## Exercise prompt
Apart from the pictures, every entry must be retyped exactly.

## Information supplied
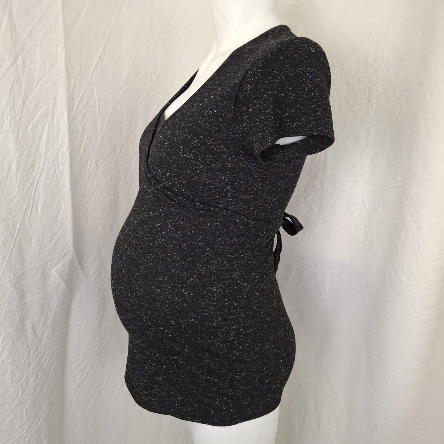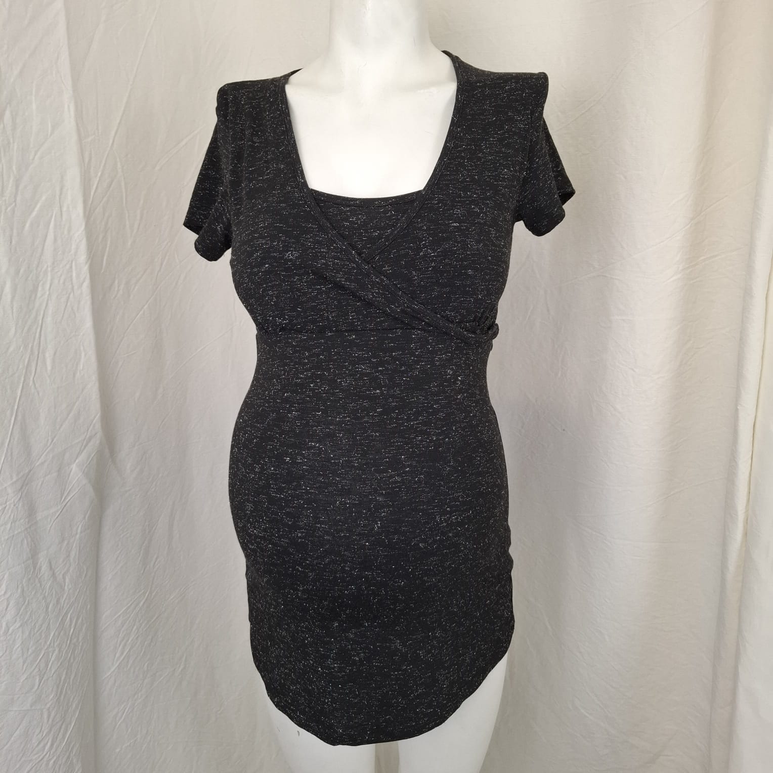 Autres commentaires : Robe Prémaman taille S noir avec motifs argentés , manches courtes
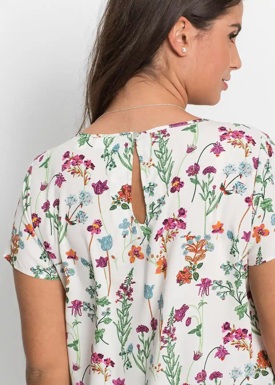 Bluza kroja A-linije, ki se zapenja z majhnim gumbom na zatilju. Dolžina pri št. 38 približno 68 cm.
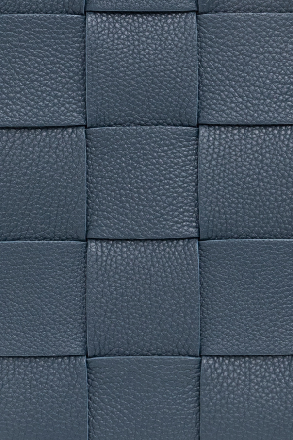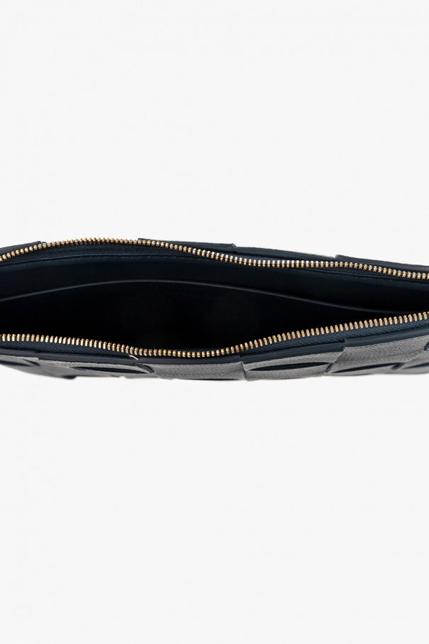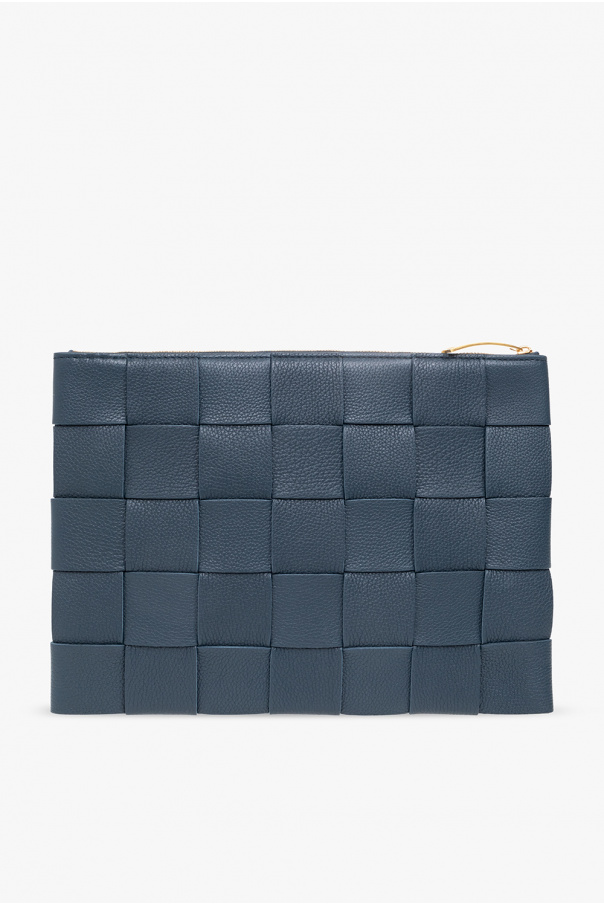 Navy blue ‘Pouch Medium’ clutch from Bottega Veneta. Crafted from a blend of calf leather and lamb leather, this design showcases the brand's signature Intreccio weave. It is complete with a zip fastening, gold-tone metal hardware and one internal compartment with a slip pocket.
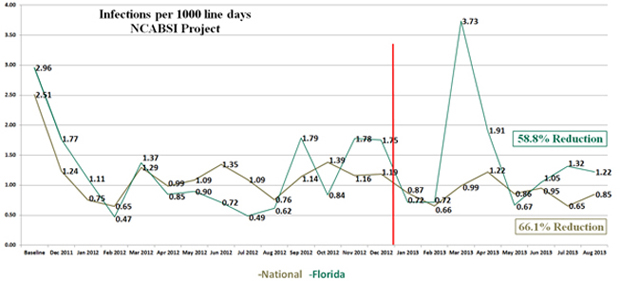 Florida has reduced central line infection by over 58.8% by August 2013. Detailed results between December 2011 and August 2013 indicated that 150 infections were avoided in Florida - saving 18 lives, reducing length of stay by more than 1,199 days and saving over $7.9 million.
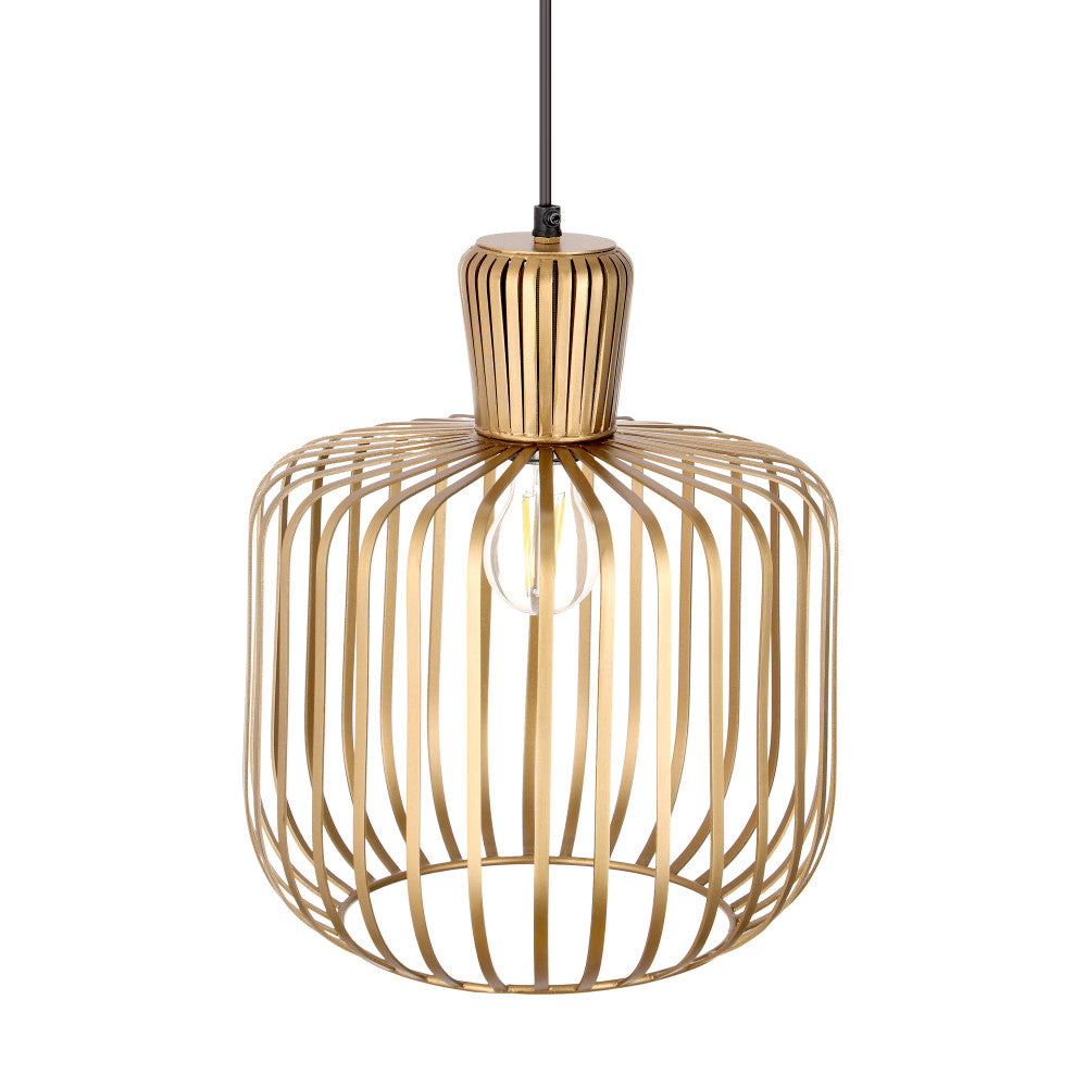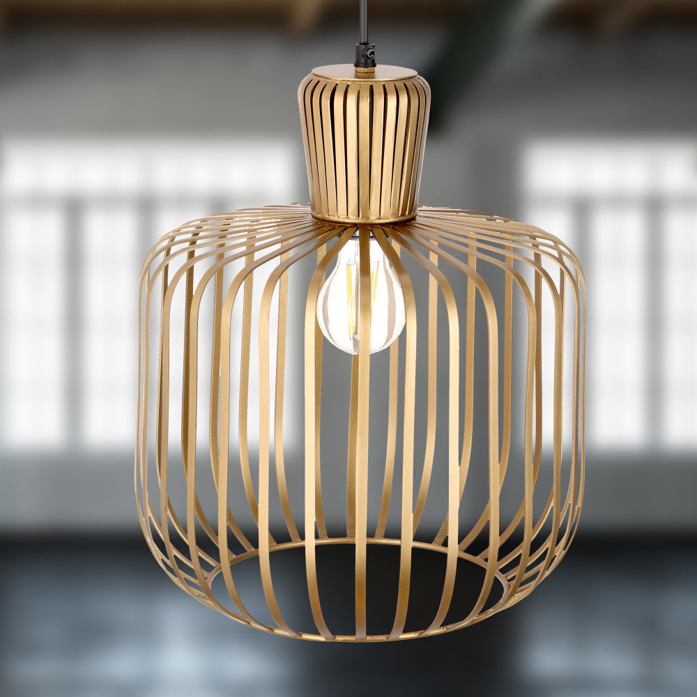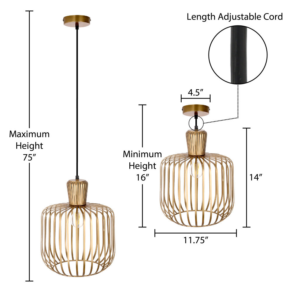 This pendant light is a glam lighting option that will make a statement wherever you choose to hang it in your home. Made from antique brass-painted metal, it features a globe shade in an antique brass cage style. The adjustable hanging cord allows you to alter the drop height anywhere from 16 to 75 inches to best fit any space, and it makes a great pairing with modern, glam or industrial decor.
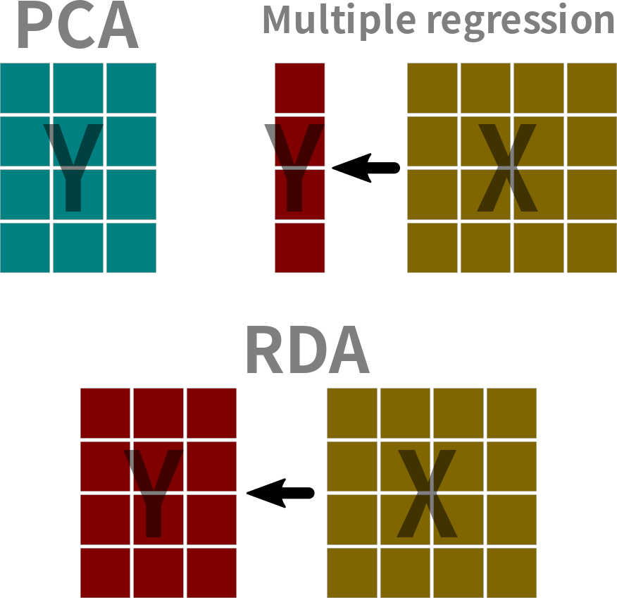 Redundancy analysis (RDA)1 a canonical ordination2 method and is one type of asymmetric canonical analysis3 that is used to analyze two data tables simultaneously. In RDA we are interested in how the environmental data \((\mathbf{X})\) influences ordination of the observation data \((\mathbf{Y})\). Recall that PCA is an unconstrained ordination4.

## Answer space
 Autres commentaires : Robe Prémaman taille S noir avec motifs argentés , manches courtes
 Bluza kroja A-linije, ki se zapenja z majhnim gumbom na zatilju. Dolžina pri št. 38 približno 68 cm.
 Navy blue ‘Pouch Medium’ clutch from Bottega Veneta. Crafted from a blend of calf leather and lamb leather, this design showcases the brand's signature Intreccio weave. It is complete with a zip fastening, gold-tone metal hardware and one internal compartment with a slip pocket.
 Florida has reduced central line infection by over 58.8% by August 2013. Detailed results between December 2011 and August 2013 indicated that 150 infections were avoided in Florida - saving 18 lives, reducing length of stay by more than 1,199 days and saving over $7.9 million.
 This pendant light is a glam lighting option that will make a statement wherever you choose to hang it in your home. Made from antique brass-painted metal, it features a globe shade in an antique brass cage style. The adjustable hanging cord allows you to alter the drop height anywhere from 16 to 75 inches to best fit any space, and it makes a great pairing with modern, glam or industrial decor.
 Redundancy analysis (RDA)1 a canonical ordination2 method and is one type of asymmetric canonical analysis3 that is used to analyze two data tables simultaneously. In RDA we are interested in how the environmental data \((\mathbf{X})\) influences ordination of the observation data \((\mathbf{Y})\). Recall that PCA is an unconstrained ordination4.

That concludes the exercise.